* Material to process *

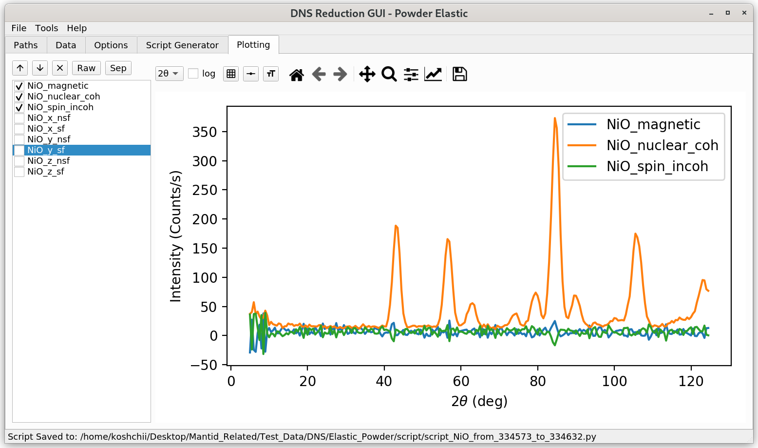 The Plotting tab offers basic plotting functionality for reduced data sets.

==

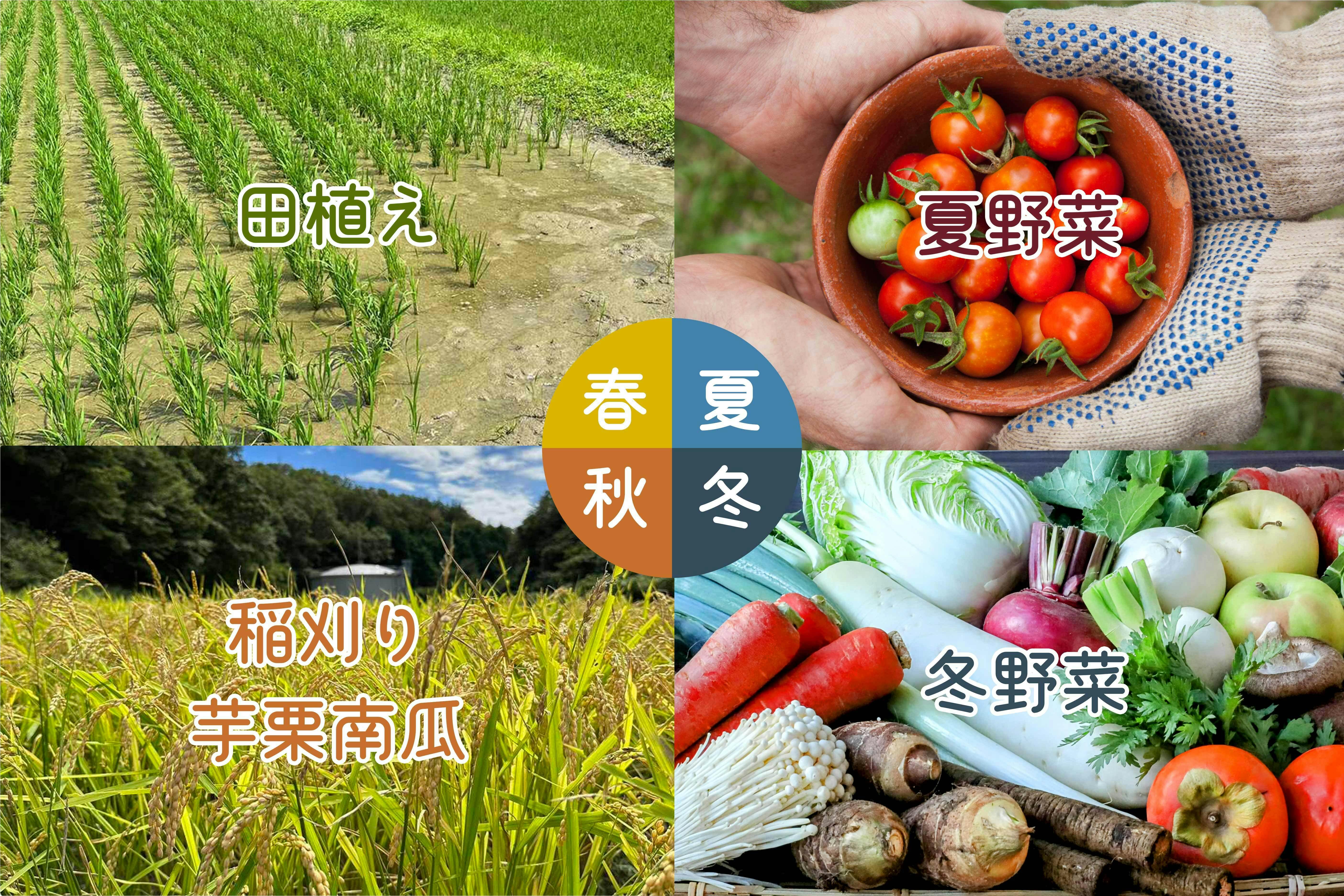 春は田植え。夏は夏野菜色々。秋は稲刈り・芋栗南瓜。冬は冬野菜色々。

---

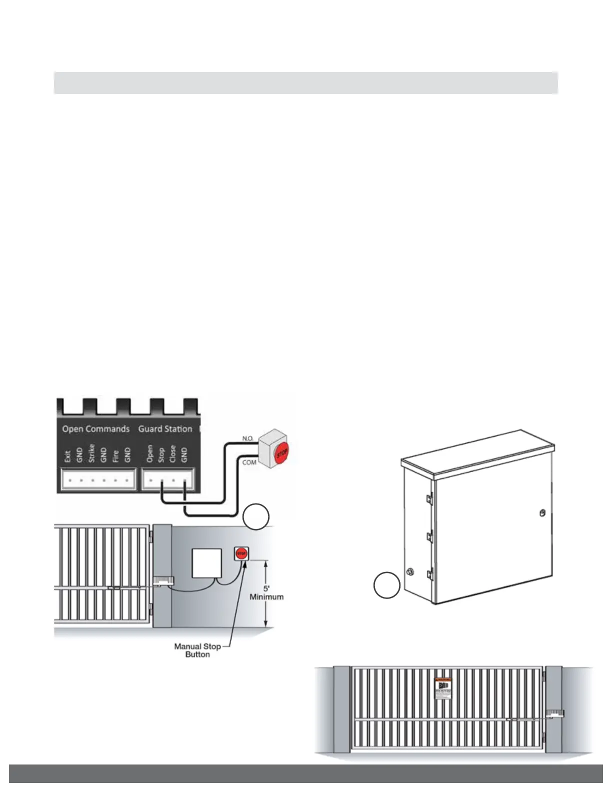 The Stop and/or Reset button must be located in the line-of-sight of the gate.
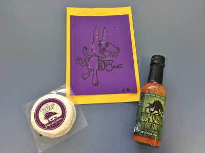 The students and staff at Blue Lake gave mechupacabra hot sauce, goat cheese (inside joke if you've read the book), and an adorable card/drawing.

* Assigned task *
For this exercise, please set down exactly the lines of the listing above from the line with "The Stop and/or" up to and including the line with "The students and", and no pictures.

* Answer section *
 The Stop and/or Reset button must be located in the line-of-sight of the gate.
 The students and staff at Blue Lake gave mechupacabra hot sauce, goat cheese (inside joke if you've read the book), and an adorable card/drawing.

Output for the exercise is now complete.